From the first line of the records below, transcribe each line exactly up to and including the one with "北京时间10月12日,美国职"; pictures stay out.

══ Material for the task

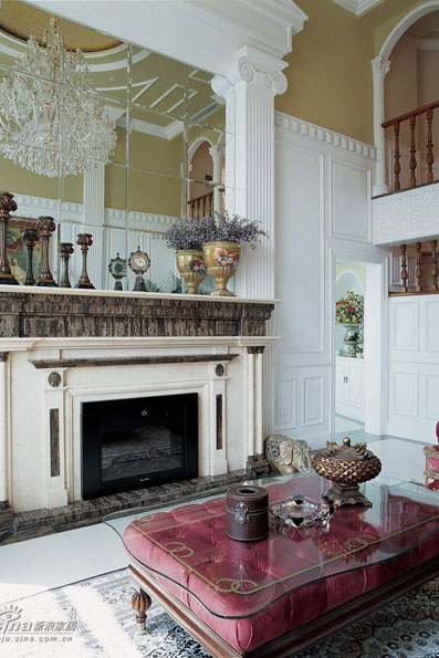 材質(zhì),于現(xiàn)代中賦予古蘊:常見的油畫、壁爐、水晶宮燈、蕾絲垂幔是新古典風格的點睛之筆。壁爐可以設(shè)計一個真的壁爐,也可以設(shè)計一個壁爐造型,輔以燈光,營造生活情調(diào)。水晶宮燈傳承著文化底蘊,靜靜泛著影影綽綽的燈光,朦朧、浪漫之感油然而生。羅馬古柱可使整體空間通透起來了,也顯得更加簡潔有力。
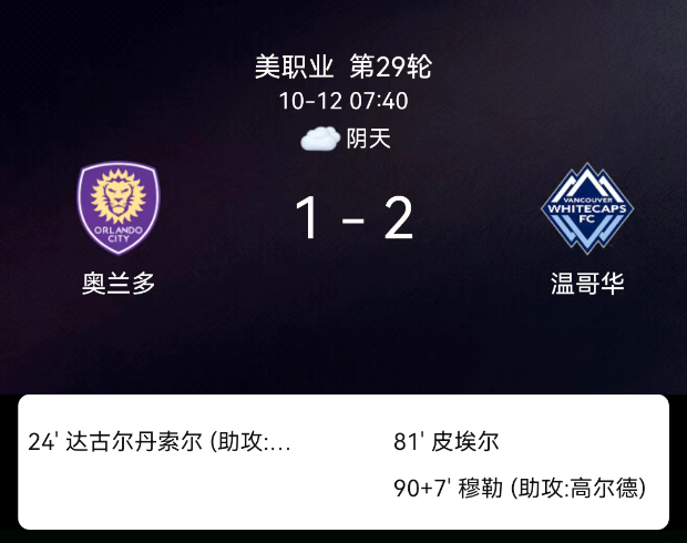 北京时间10月12日,美国职业大联盟常规赛,奥兰多城主场迎战温哥华白浪。第24分钟,麦圭尔助攻,索尔哈尔松破门,奥兰多城1-0;第48分钟,奥兰多城施勒戈尔犯规吃黄;第81分钟,内尔松-皮埃尔破门扳平,温哥华1-1;第90+7分钟,高尔德助攻,穆勒绝杀,温哥华2-1。最终比分,奥兰多城1-2温哥华白浪。
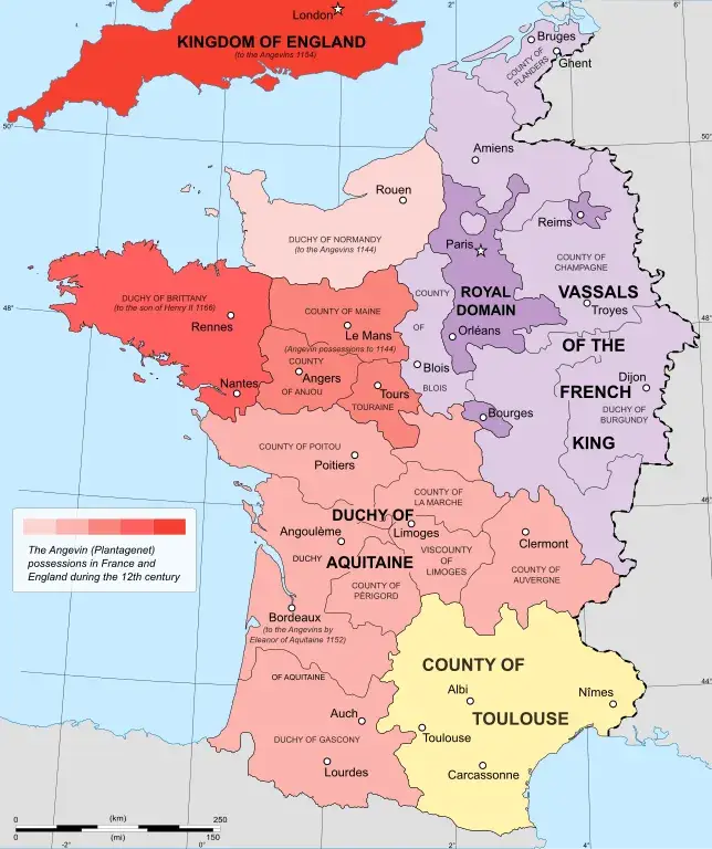 "Francuska" oko 1154. - 1189. Teritorij Henrika II je u crvenoj boji, a Filipova "Francuska" u ljubičastoj boji. Imajte na umu da Toulouse (žuto) koji je danas vrlo jasno dio Francuske, nije pripadao nijednoj. Zapravo, nijedna od ovih francuskih granica nije ista kao danas.
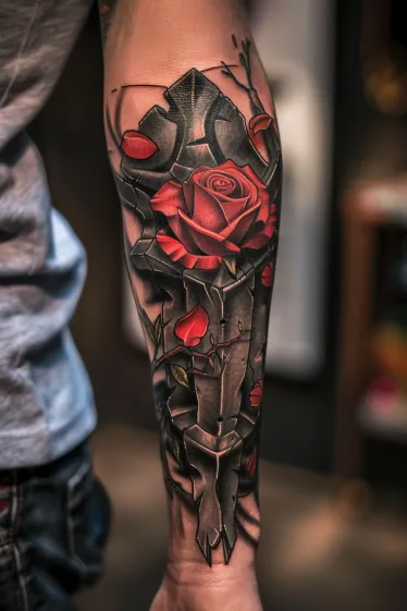 This one is pure medieval poetry. The way the rose stands out against the dark metallic elements makes it feel symbolic and dramatic, like something out of a legendary tale. I love how the deep reds pop so vibrantly, making the whole design feel both fierce and beautifully delicate at the same time. If you re drawn to tattoos that mix knighthood, passion, and timeless beauty, this one is absolutely unforgettable.
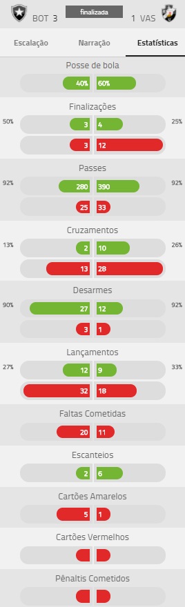 Confira estatísticas de Botafogo 3 x 1 Vasco
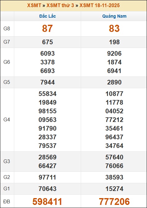 Kết quả xổ số Miền Trung 18/11/2025 thứ 3 tuần trước
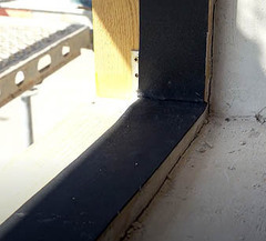 Netepa langų rėmų ir jungiamųjų paviršių.
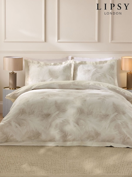 Lipsy Ferris Feather Natural 200 Thread Count Duvet Cover and Pillowcase Set
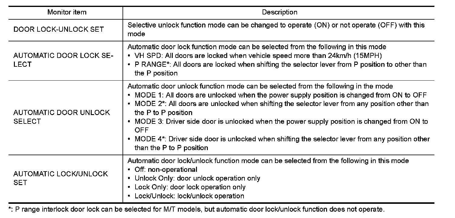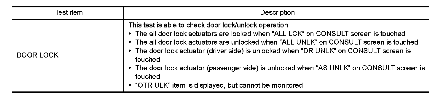 DOOR LOCK : CONSULT Function (BCM - DOOR LOCK)
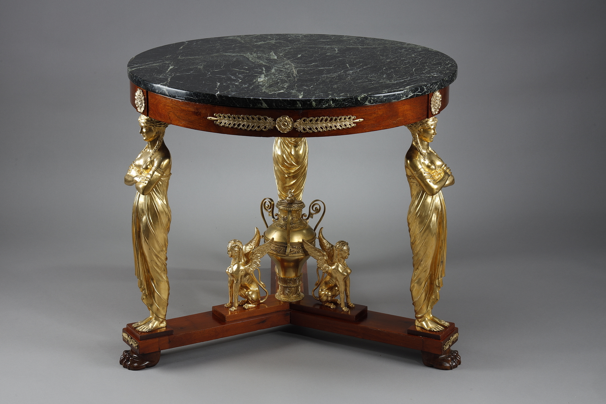 - Le guéridon Empire : Pièce centrale en acajou massif, avec un plateau en marbre griotte. Parfait pour exposer un vase ou une sculpture.
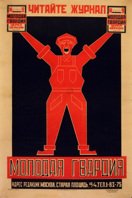 У Родченко надпись «Молодая Гвардия» оформлена жирным, рубленым, чёрным шрифтом на красном фоне и занимает нижнюю треть плаката. Он доминирует во всей композиции. Размер, цвет, положение работают на то, чтобы зритель запомнил название. Это голос, приказ, лозунг.
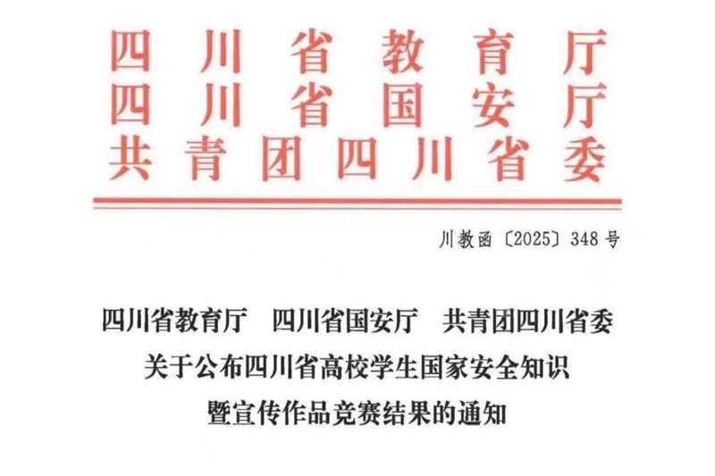 近日,四川省教育厅、四川省国安厅、共青团四川省委联合发布《关于公布四川省高校学生国家安全知识暨宣传作品竞赛结果的通知》,beat365在宣传作品竞赛短视频赛道中表现突出,由传媒学院罗娜老师指导,胡栩豪、张梦宇、孔祥祯同学创作的作品《国安在身边,安全不懈怠》荣获三等奖。
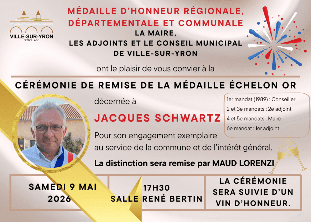 27 avril 2026 Actualité générale‚ Actus‚ Evénements Commentaires désactivés vsy-mairie CÉRÉMONIE DE REMISE DE LA MÉDAILLE OR DÉCERNÉE À JCQUES SCHWARTZ, LE 9 MAI à 17H30, salle René Bertin Related Blog LES RENDEZ-VOUS DU PRÉAU, le Café 27 avril 2026 CÉRÉMONIE DE REMISE DE LA MÉDAILLE 27 avril 2026 COMMÉMORATION DE L’ARMISTICE DU 8MAI, à 27 avril 2026
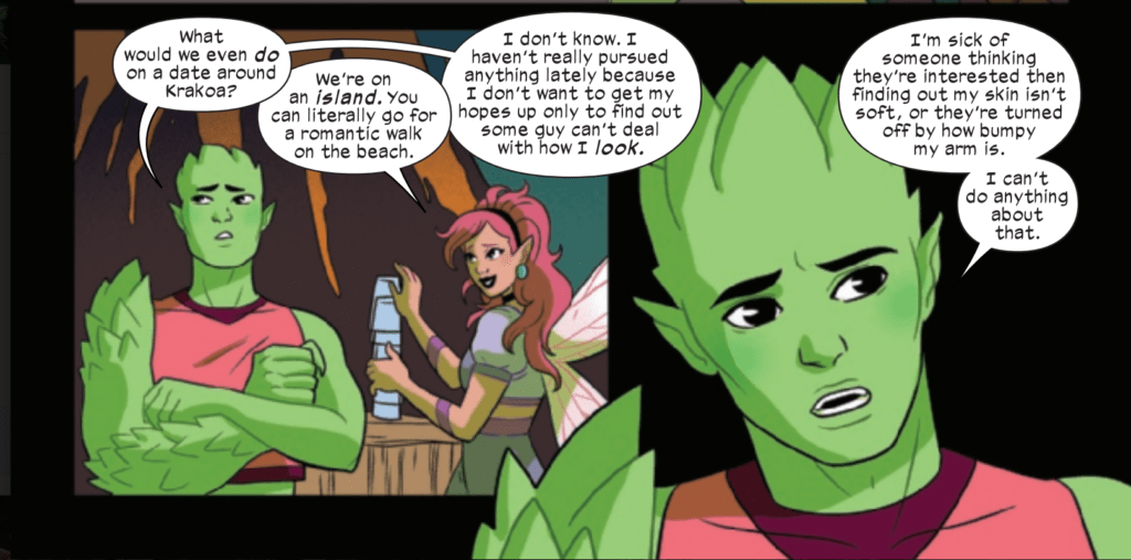 Once Pixie and Graymalkin begin discussing Anole’s dating life (or lack thereof) we dive into another common queer topic: body image and dysmorphia. As a gay man myself I have witnessed first hand how judgmental other queer people can be about looks and certain imperfections. Sure, Anole is discussing his mutation specifically, but when seemingly talking about dating other mutants and still facing prejudice because of his appearance the correlation between Marvel’s mutants and the real-life queer community is made again.
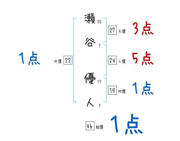 瀬谷優人さんの画数の鑑定結果
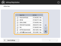 1 | Select the paper drawer in which paper is loaded and press <Other Size>. |
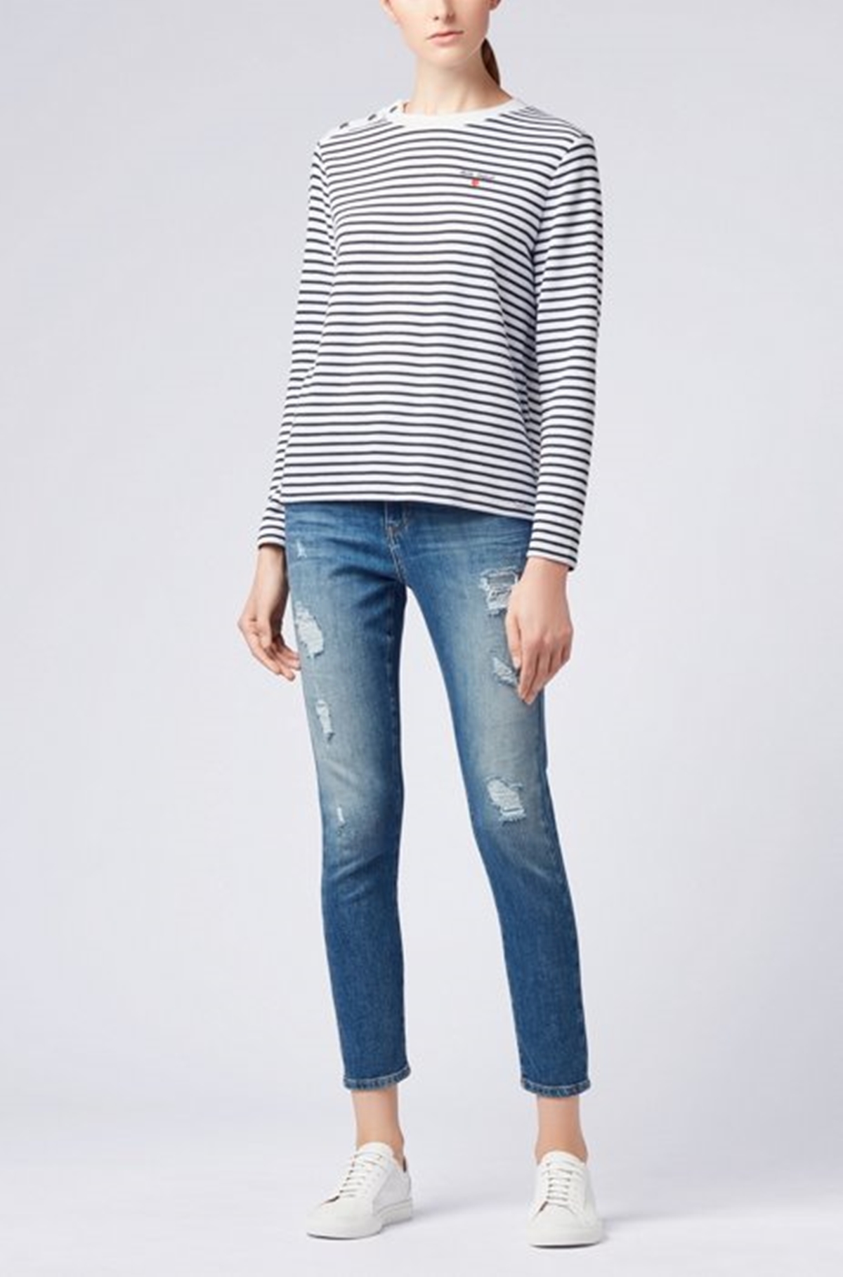 BOSS Gestreiftes Longsleeve Telamour aus Jersey mit aufgesticktem Slogan Farbe 480 S
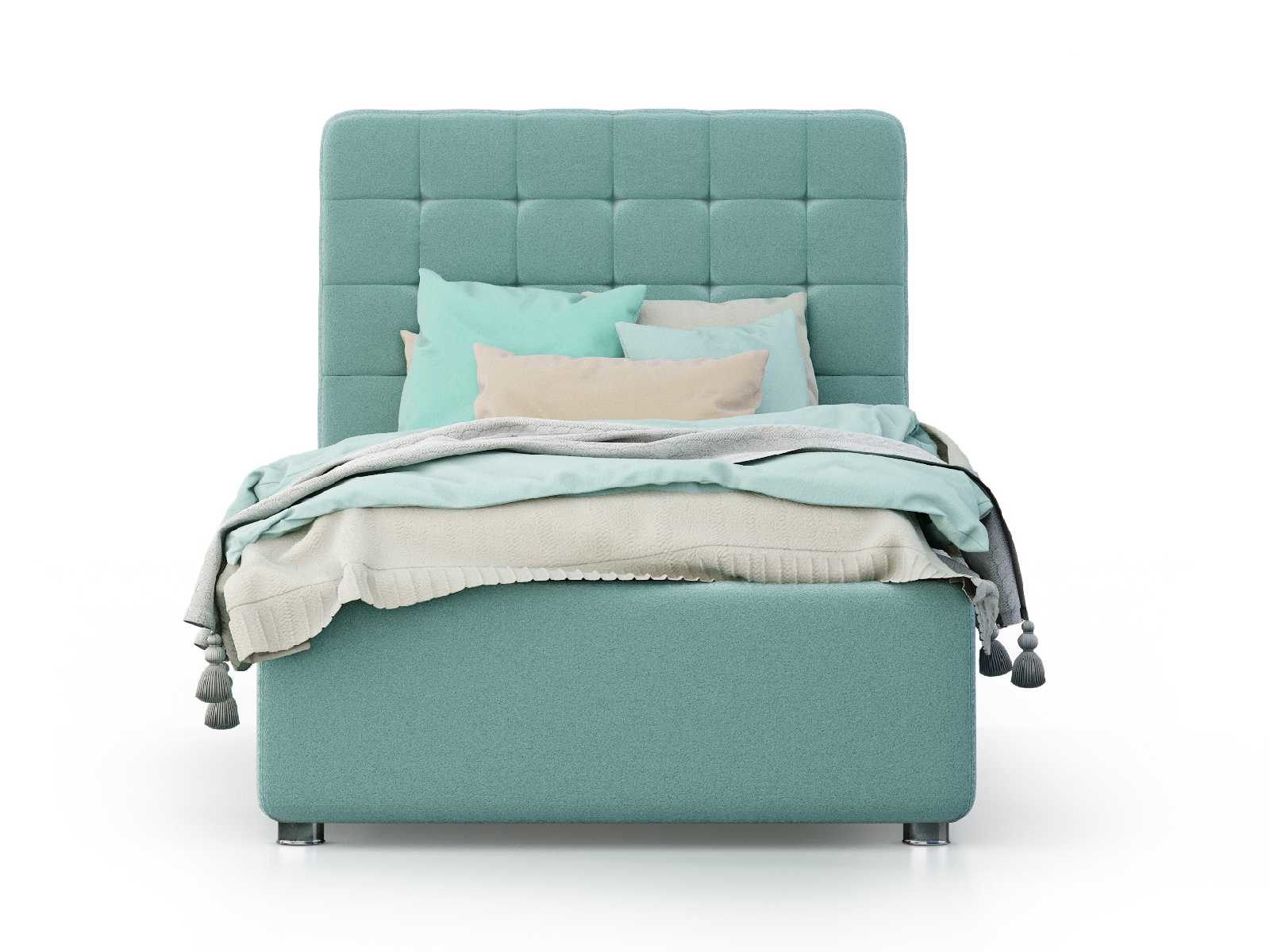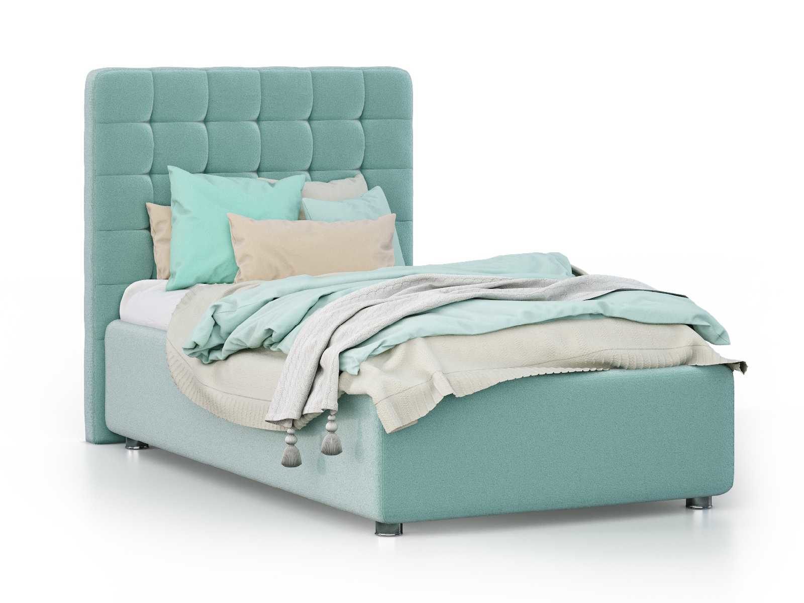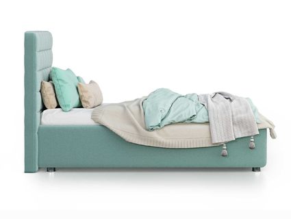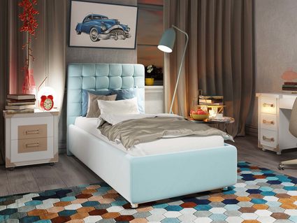 Односпальный вариант мягкой кровати Vita с высоким изголовьем для детей, подростков и взрослых. Изголовье имеет скругление на углах и декорировано стежкой с утяжками в виде небольших квадратов. Для придания особой изысканности и шарма изголовье можно декорировать пуговицами или стразами (платная опция).
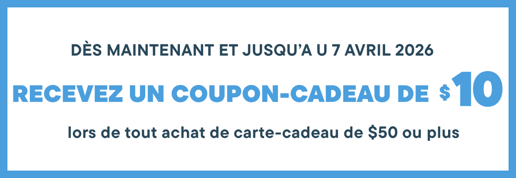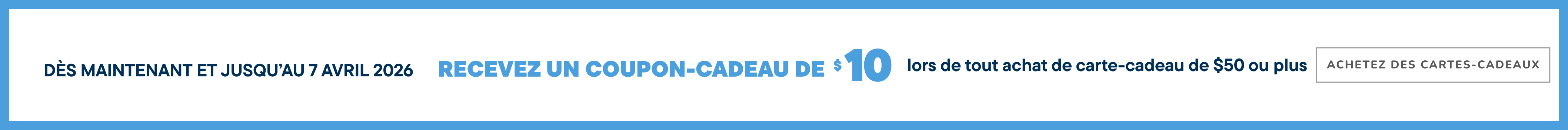 carte-cadeau de 50 $ ou plus. Le client recevra un bon d'achat de 10 $ à utiliser lors d'un prochain achat de 40
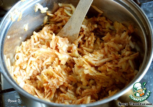Натереть на крупной терке, добавить корицу.Тушить на небольшом огне 10-15 минут, пока не станут мягкими
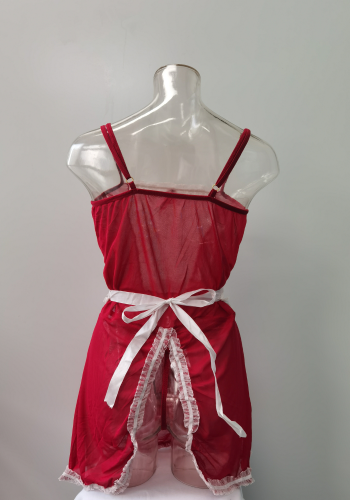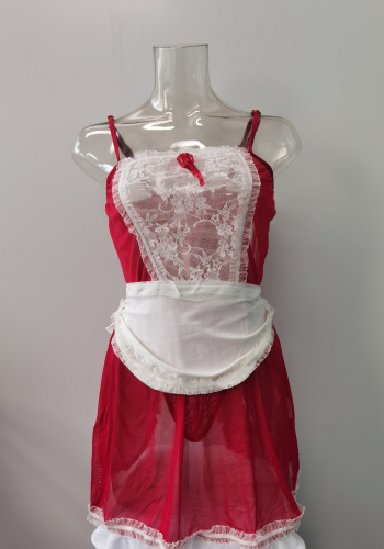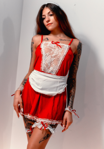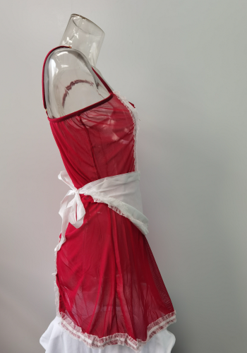 Nasze seksowne przebranie niegrzecznej pokojówki KISSA to gwarancja niezapomnianych chwil z partnerem. Składa się z CZERWONEJ sukienki z fartuszkiem ozdobioną białą koronką, opaski na głowę, białej koronkowej podwiązki (może pełnić rolę chokera), dwóch opasek na ręce oraz stringów. Każdy detal jest dopracowany, zapewniając kuszący wygląd i pełen komfort.
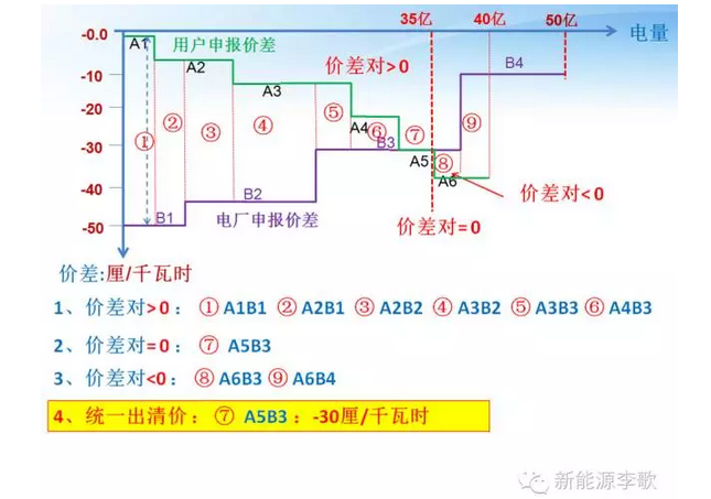 最后一個成交的購電方與售電方申報價差的算術(shù)平均值為統(tǒng)一出清價差。
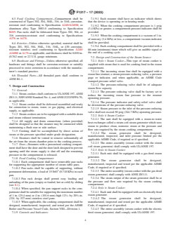 ABSTRACT This specification covers food cookers and food reheaters which use steam as the heat source. These units are also known as steamers, steam ovens, and steam cookers which utilize steam generated by gas, electric heat, or steam coil sources, or a combination thereof, in commercial and institutional food service establishments. This specification can be used for zero- pressure steam cookers, pressure steamers, and combination pressure/pressureless steamers and does not cover steam cooking equipment used by food processors who normally package the food that they cook. Steam cookers covered by this specification are classified by type, grade, class, size, style: Types IA, IB, II, and III; Grades A, B, and C; Classes 1, 2, 3, 4, 5, 6, 7, 8, 9, 10, and 11; and Sizes a, b, and c. Materials used shall be free from defects, which would affect the performance or maintainability of individual components, or of the overall assembly. Steam cooker shall be delivered assembled and ready for connection to steam, water, or gas piping, and electrical supply, as applicable. SCOPE 1.1 This specification covers food cookers and food reheaters which use steam as the heat source. These units are also known as steamers, steam ovens, and steam cookers which utilize steam generated by gas, electric heat, or steam coil sources, or a combination thereof, in commercial and institutional food service establishments. This specification can be used for sub-zero-pressure steamers, pressure steamers, combination pressure/pressureless steamers, boilerless steamers, and connectionless steamers, and does not cover steam cooking equipment used by food processors who normally package the food that they cook. 1.2 The values stated in inch-pound units are to be regarded as the standard. The SI values given in parentheses are provided for information only. 1.3 This standard may involve hazardous materials, operations, and equipment. This standard does not purport to address all of the safety concerns, if any, associated with its use. It is the responsibility of the user of this standard to establish appropriate safety, health, and environmental practices and determine the applicability of regulatory limitations prior to use. 1.4 This international standard was developed in accordance with internationally recognized principles on standardization established in the Decision on Principles for the Development of International Standards, Guides and Recommendations issued by the World Trade Organization Technical Barriers to Trade (TBT) Committee.

════

| Solution for this exercise |
 材質(zhì),于現(xiàn)代中賦予古蘊:常見的油畫、壁爐、水晶宮燈、蕾絲垂幔是新古典風格的點睛之筆。壁爐可以設(shè)計一個真的壁爐,也可以設(shè)計一個壁爐造型,輔以燈光,營造生活情調(diào)。水晶宮燈傳承著文化底蘊,靜靜泛著影影綽綽的燈光,朦朧、浪漫之感油然而生。羅馬古柱可使整體空間通透起來了,也顯得更加簡潔有力。
 北京时间10月12日,美国职业大联盟常规赛,奥兰多城主场迎战温哥华白浪。第24分钟,麦圭尔助攻,索尔哈尔松破门,奥兰多城1-0;第48分钟,奥兰多城施勒戈尔犯规吃黄;第81分钟,内尔松-皮埃尔破门扳平,温哥华1-1;第90+7分钟,高尔德助攻,穆勒绝杀,温哥华2-1。最终比分,奥兰多城1-2温哥华白浪。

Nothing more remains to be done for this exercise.